Looking in /var/log/messages from the most recent provision failure, you
can find this:
2018-06-20T20:02:23.819782+00:00 ERR kernel: [    3.124297] ata1.00: exception Emask 0x0 SAct 0x70000003 SErr 0x0 action 0x0
2018-06-20T20:02:23.819783+00:00 ERR kernel: [    3.124311] ata1.00: irq_stat 0x40000008
2018-06-20T20:02:23.819784+00:00 ERR kernel: [    3.124323] ata1.00: failed command: READ FPDMA QUEUED
2018-06-20T20:02:23.819786+00:00 ERR kernel: [    3.124336] ata1.00: cmd 60/08:e0:e8:85:84/00:00:00:00:00/40 tag 28 ncq 4096 in
2018-06-20T20:02:23.819787+00:00 ERR kernel: [    3.124336]          res 41/40:00:ec:85:84/00:00:00:00:00/00 Emask 0x409 (media error) <F>
2018-06-20T20:02:23.819788+00:00 ERR kernel: [    3.124353] ata1.00: status: { DRDY ERR }
2018-06-20T20:02:23.819789+00:00 ERR kernel: [    3.124361] ata1.00: error: { UNC }
2018-06-20T20:02:23.819794+00:00 INFO kernel: [    3.125935] ata1.00: configured for UDMA/133
2018-06-20T20:02:23.819795+00:00 INFO kernel: [    3.125967] sd 0:0:0:0: [sda] Unhandled sense code
2018-06-20T20:02:23.819796+00:00 INFO kernel: [    3.125977] sd 0:0:0:0: [sda]  
2018-06-20T20:02:23.819797+00:00 NOTICE kernel: [    3.125983] Result: hostbyte=DID_OK driverbyte=DRIVER_SENSE
2018-06-20T20:02:23.819798+00:00 INFO kernel: [    3.125992] sd 0:0:0:0: [sda]  
2018-06-20T20:02:23.819800+00:00 NOTICE kernel: [    3.125998] Sense Key : Medium Error [current] [descriptor]
2018-06-20T20:02:23.819806+00:00 NOTICE kernel: [    3.126015] Descriptor sense data with sense descriptors (in hex):
2018-06-20T20:02:23.819807+00:00 INFO kernel: [    3.126025]         72 03 11 04 00 00 00 0c 00 0a 80 00 00 00 00 00 
2018-06-20T20:02:23.819808+00:00 INFO kernel: [    3.126076]         00 84 85 ec 
2018-06-20T20:02:23.819810+00:00 INFO kernel: [    3.126095] sd 0:0:0:0: [sda]  
2018-06-20T20:02:23.819811+00:00 NOTICE kernel: [    3.126102] Add. Sense: Unrecovered read error - auto reallocate failed
2018-06-20T20:02:23.819812+00:00 INFO kernel: [    3.126114] sd 0:0:0:0: [sda] CDB: 
2018-06-20T20:02:23.819813+00:00 NOTICE kernel: [    3.126120] Read(10): 28 00 00 84 85 e8 00 00 08 00
2018-06-20T20:02:23.819818+00:00 ERR kernel: [    3.126159] end_request: I/O error, dev sda, sector 8685036
2018-06-20T20:02:23.819819+00:00 INFO kernel: [    3.126177] ata1: EH complete

... and that sure _does_ look like a hardware problem...
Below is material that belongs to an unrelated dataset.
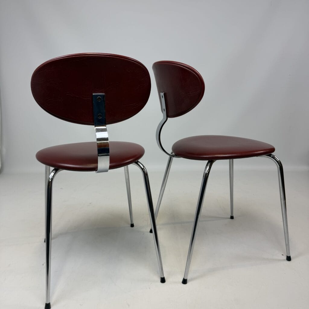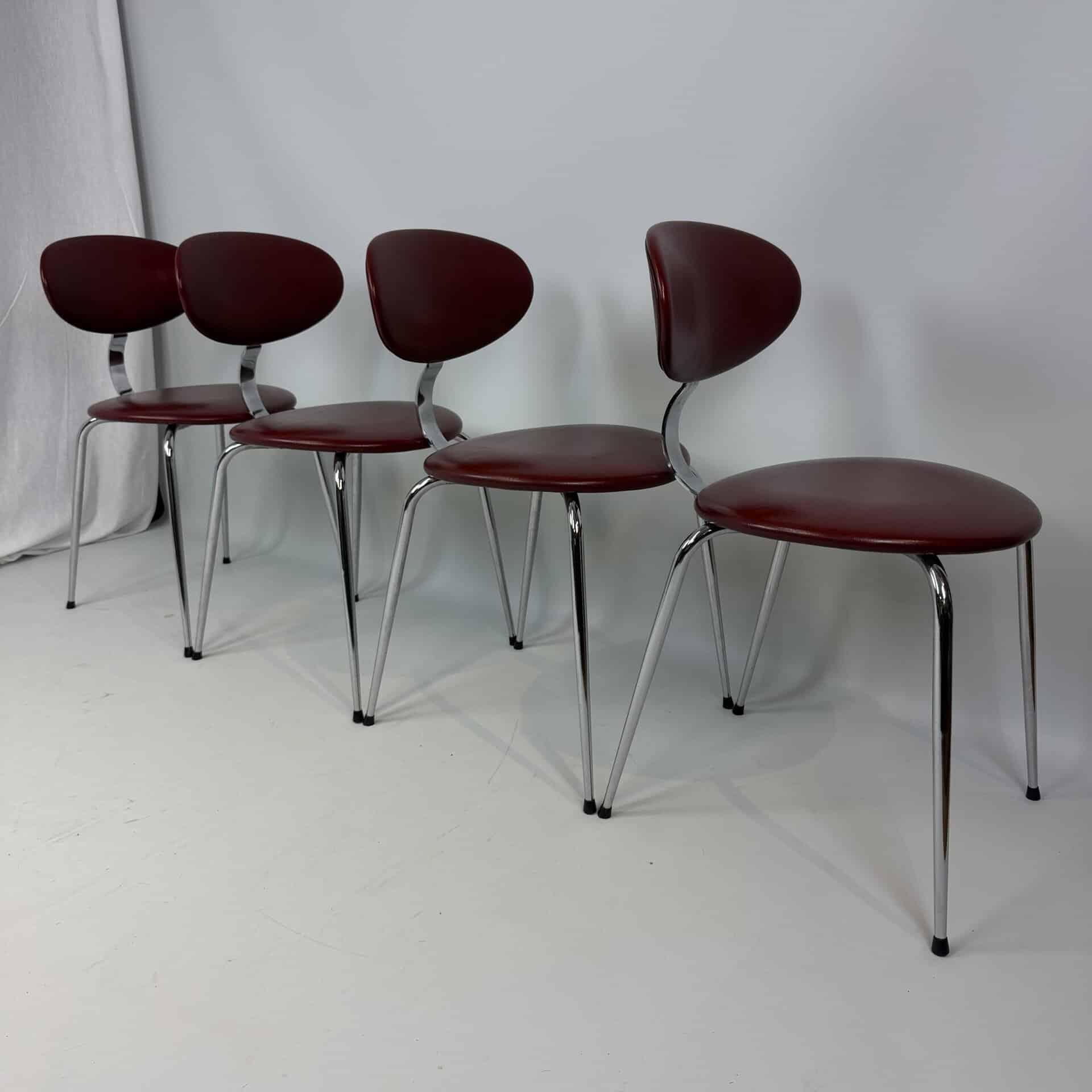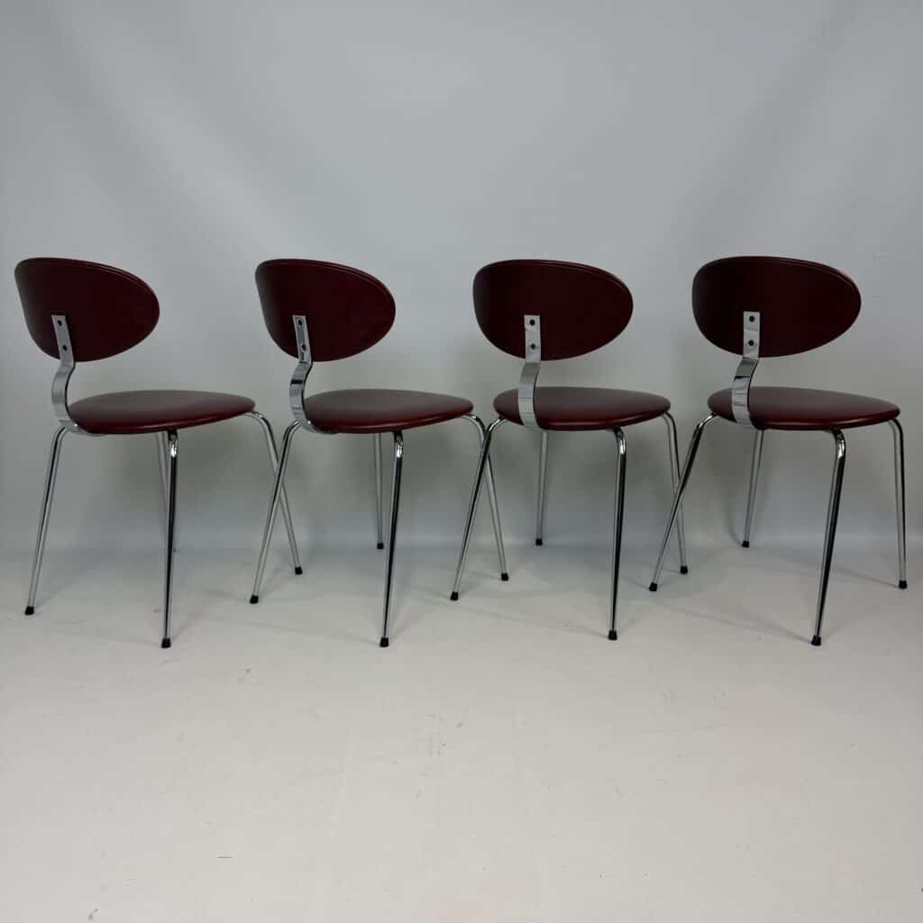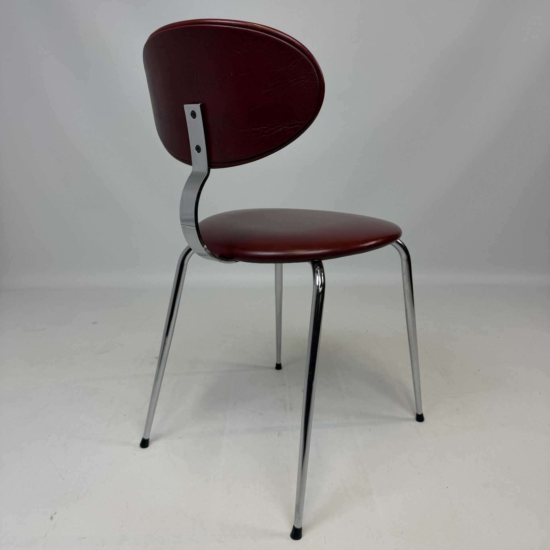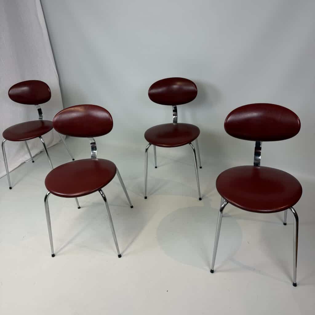 4 vintage chairs with chrome-plated legs and burgundy skai seat and back

The cited I/O error on read from /dev/sda is present on either DUT
when the kernel verifier fails.

Put more simply, /dev/sda is suspect on both of these DUTs:
    chromeos4-row1-rack4-host9
    chromeos4-row1-rack7-host1

grundler@ gwendal@ - If one of you can confirm the diagnosis, we can
try and kick off replacing the units.

Yes, when you can not read your SSD, it is more than time to replace it.
Unfortunately, Kingston SSD does not tell when they are about to die.
Status: Fixed (was: Assigned)
I've filed b/110569219 for decommission and replacement.
I've locked the hosts and swapped them out of the CQ for
working spare wolf units.

    $ atest host mod --lock -r b/110569219 ${HOSTS[@]}
    Locked hosts:
            chromeos4-row1-rack4-host9, chromeos4-row1-rack7-host1
    $ balance_pool -f cq wolf
    wolf cq pool: Target of 9 is above minimum.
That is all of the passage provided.